### Task to complete
When you restate the entries that follow, keep every word exactly and drop the pictures.

----------

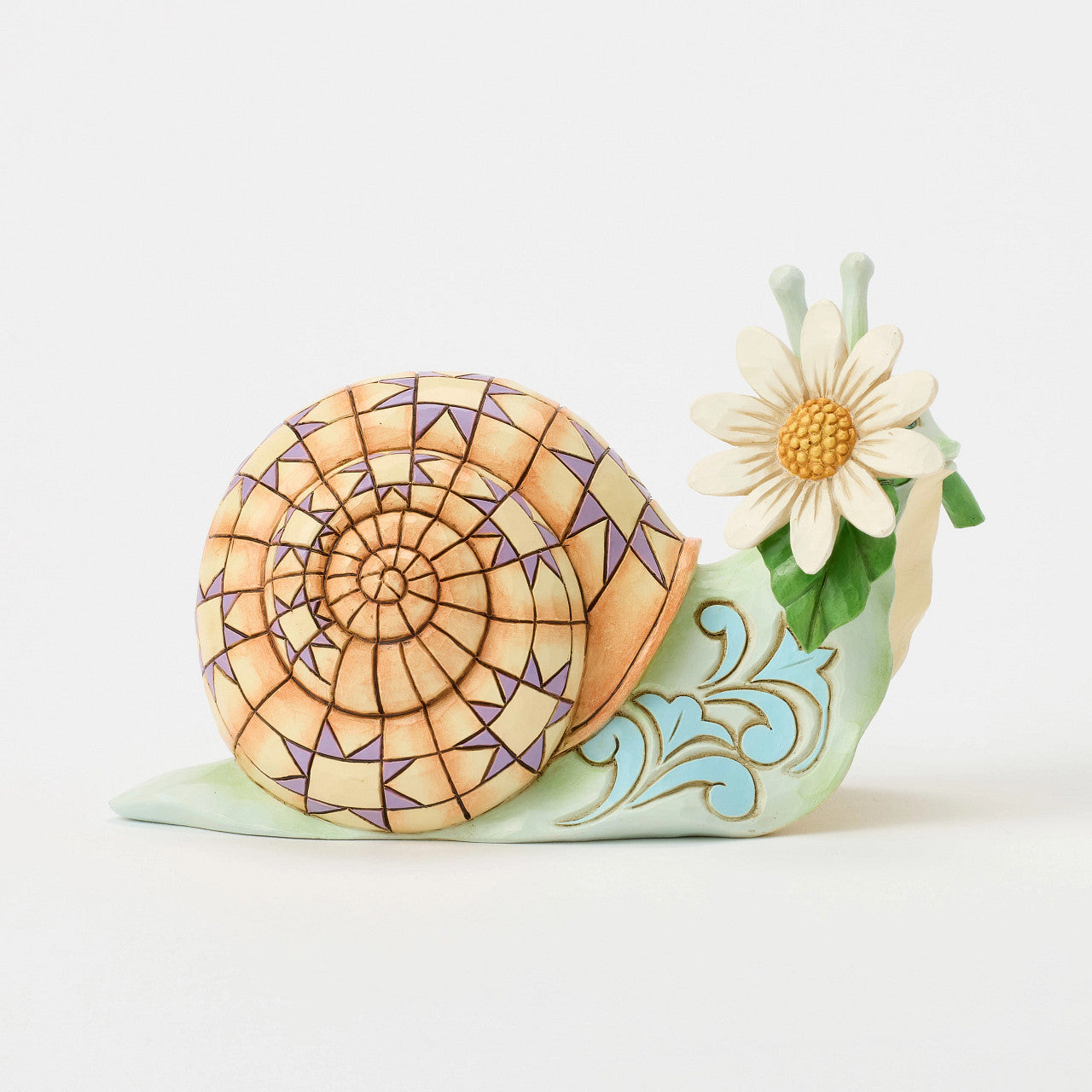 With a patchwork-inspired shell and exquisite rosemaling details, this delightful Jim Shore snail has made a leisurely journey just for you, bringing along a fresh daisy as a springtime token. A charming touch of nature's grace, perfect for any space.
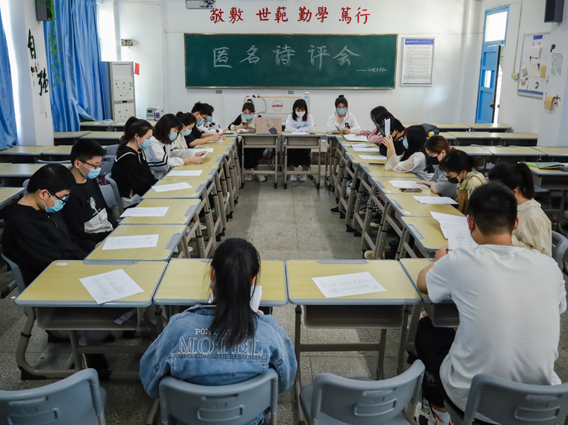 “我觉得《芽》这首短诗很有春天气息,像是个漫步校园有感而发的文艺女生写的呢。”“这首《茉莉三章》用词清新,给人很舒服的感觉,作者应是个心思细腻的男生。”……4月10日 ,人文学院大学生白鲸文学社在教学楼310教室举办了一场匿名评诗会活动。
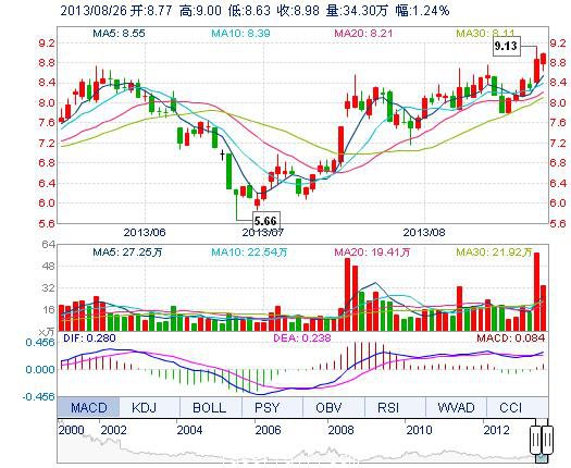 今開(kāi): 8.77 成交量: 34.30萬(wàn)手 振幅: 4.17% 最高: 9.00 成交額: 3.01億元 換手率: 7.85% 最低: 8.63 總市值: 39.22億 市凈率: 2.80 昨收: 8.87 流通市值: 39...
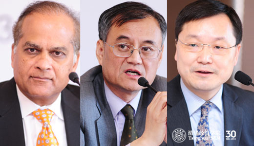 从左至右:麻省理工斯隆管理学院(MIT Sloan)常务副院长S.P. Kothari教授、清华经管学院院长钱颖一教授、清华经管学院副院长郦金梁教授
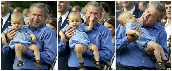 在白宮傳統(tǒng)的一年一度夏季野餐會(huì)上,美國(guó)總統(tǒng)布什在逗玩國(guó)會(huì)議員的兒子。
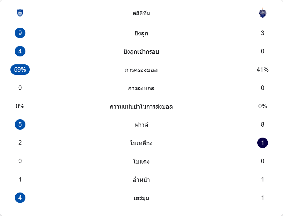 📊 สถิติการแข่งขันสะท้อนรูปเกมอย่างชัดเจน
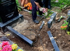 Затем мы вновь вернулись на кладбище: нам предстояло демонтировать основание надгробья, с чем мы и справились на следующем этапе работы.
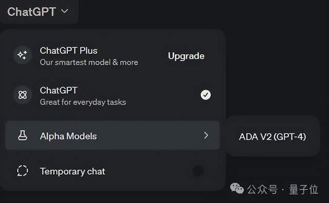 部分用户在ChatGPT页面的Alpha Models中可以看到有一个名叫ADA V2(GPT-4)的模型。

----------

### Solved problem
 With a patchwork-inspired shell and exquisite rosemaling details, this delightful Jim Shore snail has made a leisurely journey just for you, bringing along a fresh daisy as a springtime token. A charming touch of nature's grace, perfect for any space.
 “我觉得《芽》这首短诗很有春天气息,像是个漫步校园有感而发的文艺女生写的呢。”“这首《茉莉三章》用词清新,给人很舒服的感觉,作者应是个心思细腻的男生。”……4月10日 ,人文学院大学生白鲸文学社在教学楼310教室举办了一场匿名评诗会活动。
 今開(kāi): 8.77 成交量: 34.30萬(wàn)手 振幅: 4.17% 最高: 9.00 成交額: 3.01億元 換手率: 7.85% 最低: 8.63 總市值: 39.22億 市凈率: 2.80 昨收: 8.87 流通市值: 39...
 从左至右:麻省理工斯隆管理学院(MIT Sloan)常务副院长S.P. Kothari教授、清华经管学院院长钱颖一教授、清华经管学院副院长郦金梁教授
 在白宮傳統(tǒng)的一年一度夏季野餐會(huì)上,美國(guó)總統(tǒng)布什在逗玩國(guó)會(huì)議員的兒子。
 📊 สถิติการแข่งขันสะท้อนรูปเกมอย่างชัดเจน
 Затем мы вновь вернулись на кладбище: нам предстояло демонтировать основание надгробья, с чем мы и справились на следующем этапе работы.
 部分用户在ChatGPT页面的Alpha Models中可以看到有一个名叫ADA V2(GPT-4)的模型。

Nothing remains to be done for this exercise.